In a news release, Delta (NYSE:DAL) said its updated policy "[S]upport[s] Delta's top priority of ensuring safety for its customers, employees and trained service and support animals, while supporting the rights of customers with legitimate needs, such as disabled veterans, to travel with trained animals."
|Emotional support dog Juan Carlos|
Delta carries approximately 700 service or support animals daily — nearly 250,000 annually. Putting this into perspective, Delta carries more than 180 million passengers annually.
Customers have attempted to fly with comfort turkeys, gliding possums, snakes, spiders and more. Ignoring the true intent of existing rules governing the transport of service and support animals can be a disservice to customers who have real and documented needs.
"The rise in serious incidents involving animals in flight leads us to believe that the lack of regulation in both health and training screening for these animals is creating unsafe conditions across U.S. air travel," John Laughter, Delta's Senior Vice President — Corporate Safety, Security and Compliance, said. "As a leader in safety, we worked with our Advisory Board on Disability to find a solution that supports those customers with a legitimate need for these animals, while prioritizing a safe and consistent travel experience."
In developing the updated requirements, Delta solicited the feedback and input of its 15-member Advisory Board on Disability, a group of advocates established more than a decade ago and made up of Delta frequent flyers with a range of disabilities. Delta also incorporated feedback from other advocates for passengers with disabilities.
"We are pleased that Delta responded in a timely way to the concerns we raised about their policy for guide dogs and other service animals," Mark Riccobono, President of the National Federation of the Blind, said. "We also note Delta's expressed commitment to listening to its passengers. In light of that commitment, we look forward to sharing our expertise with Delta so that it can provide equal service to blind passengers in all of its operations."
Since Delta's announcement, other airlines have implemented changes and media outlets continue to highlight the lack of regulation and the increased availability of fraudulent certification. Outside of the aviation industry, a dramatic increase in fraudulent service animals has led 18 states to introduce laws that make it a crime to fraudulently represent a service animal.
DELTA'S UPDATED POLICY
Any customer traveling with a service or support animal on or after March 1 will need to meet these requirements:
Traveling with a trained service animal
• In some cases, customers with a trained service animal may be asked to show the animal's Veterinary Health Form and/or an immunization record or other proof that the animal's vaccinations are up to date. Customers are encouraged, but not required, to submit this form to Delta's Service Animal Support Desk via Delta.com before traveling.

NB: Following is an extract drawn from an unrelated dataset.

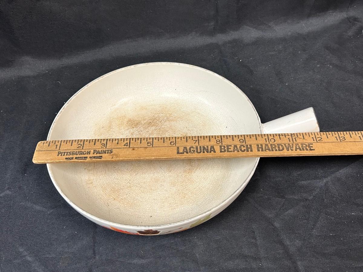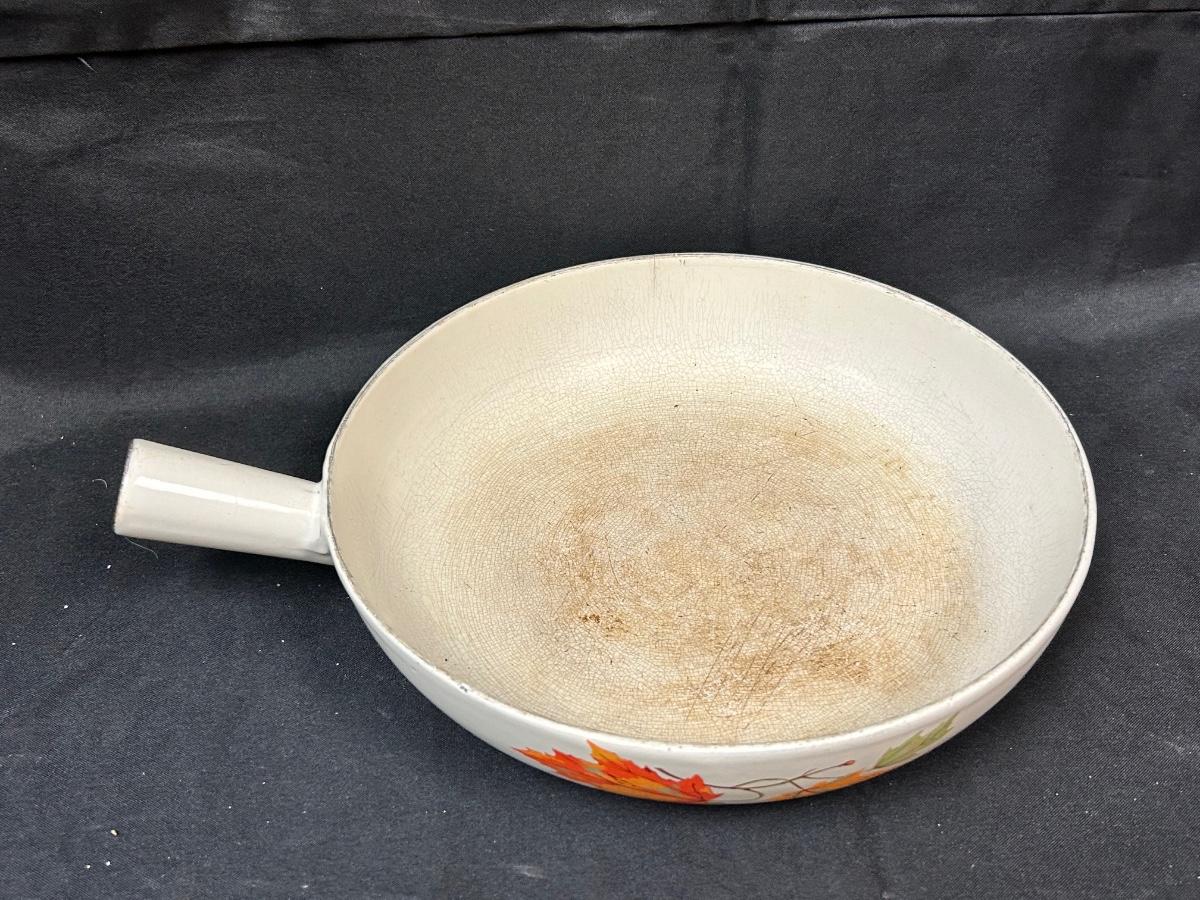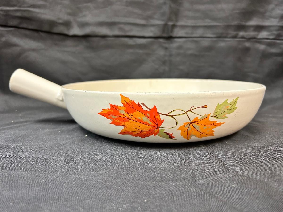 Vintage Worn Enamel over Cast Iron Skillet Fall Colored Leaves No Handle. Has quite a bit of wear but would display well. Handle would screw into place but is missing. See photos for better idea of condition.

• These customers can check-in via Delta.com, the Fly Delta mobile app, airport kiosks or with an airport agent.
Traveling with an emotional support animal or psychiatric service animal
• Customers traveling with an emotional support animal or psychiatric service animal will be required to submit a signed Veterinary Health Form and/or an immunization record (current within one year of the travel date), an Emotional Support/Psychiatric Service Animal Request form that requires a letter prepared and signed by a doctor or licensed mental health professional, and a signed Confirmation of Animal Training form. These forms are required and must be submitted to Delta's Service Animal Support Desk via Delta.com at least 48 hours before travel.

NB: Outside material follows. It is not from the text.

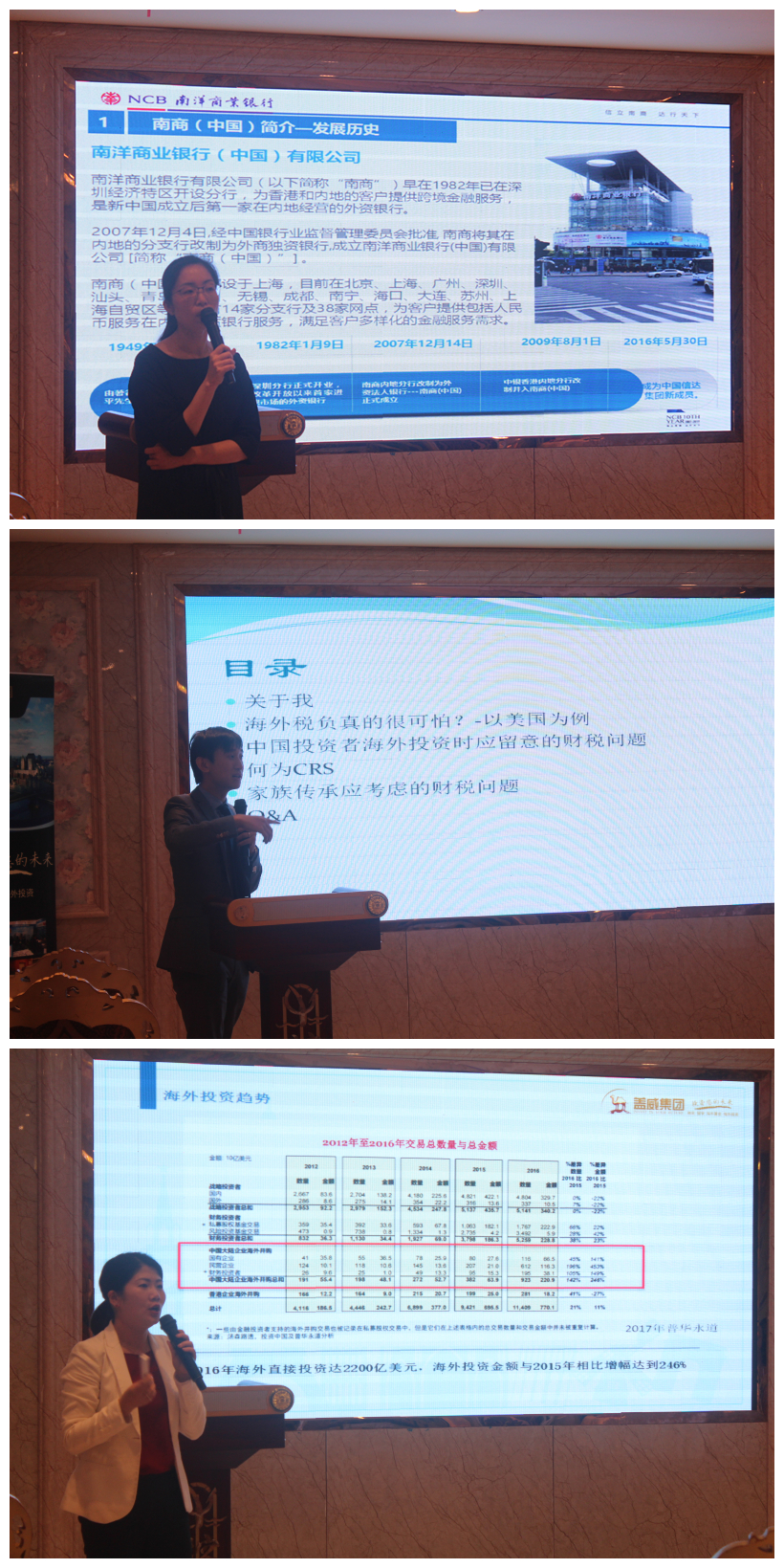 下午,首先由南洋银行金融部总经理顾晓艳女士主讲《跨境金融与中小企业贷款服务》,南洋商业银行早在1982年已在深圳经济特区开设分行,为香港和内地的客户提供跨境金融服务,是新中国成立后第一家在内地经营的外资银行。随后,盖威集团会计师刘卓尔先生为大家分享《国内外税务规划》和《中国超高净值家族应对CRS浪潮之传承规划》,他从中国投资者海外投资时应留意的财税问题、什么是CRS、家族传承应考虑的财税问题等一一进行了解读。最后,盖威集团总经理藏慧敏女士作了《全球资产配置、跨境资金现状与趋势分析》的主旨演讲,从海外投资需求、国债投资优势、移民趋势、移民要求等进行了详细解读。

• These customers must use the full-service check-in process with an airport agent.
Editor's note: The Americans with Disabilities Act (ADA) is clear: Emotional support animals, comfort animals, and therapy dogs are not service animals under Title II and Title III of the ADA. Delta is taking a somewhat more relaxed approach but still setting some standards, which is important for the sake of all passengers. The emotional support dog pictured above, who was on one of my recent flights, was quiet and well-behaved. Would that it were always so.

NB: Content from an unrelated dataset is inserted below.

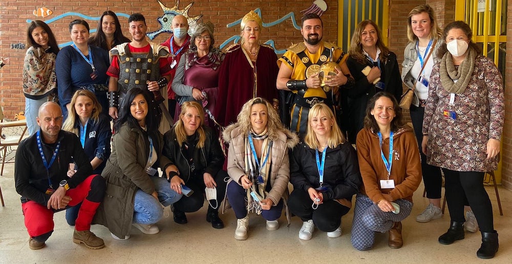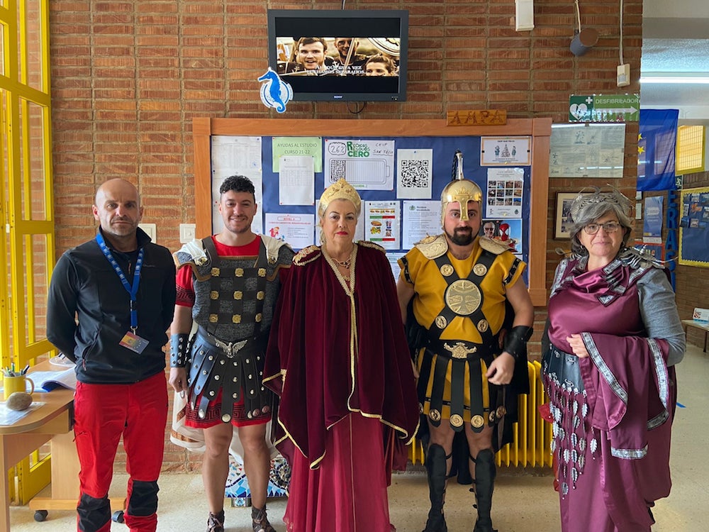 El grupo de voluntarios del área de relaciones externas de la Federación de Tropas y Legiones sigue su ruta por los centros docentes de nuestro municipio, siendo la última escala la que tuvo como marco este centro docente, donde promocionaron las fistas entre el alumnado y profesores, entre los que se encontraba una doce procedente de Francia, Polonia, Grecia y Letonia.

Additional information on types of accepted animals and other questions related to traveling with service and support animals is available here.
It is high time businesses in general started enforcing the rules about the types of animals allowed on their premises. Some, like hardware retailer Lowe's, are pet-friendly while others are not. My hope is that Delta's move will embolden those who are still waiting for a spine donor to start enforcing the policies they have in place.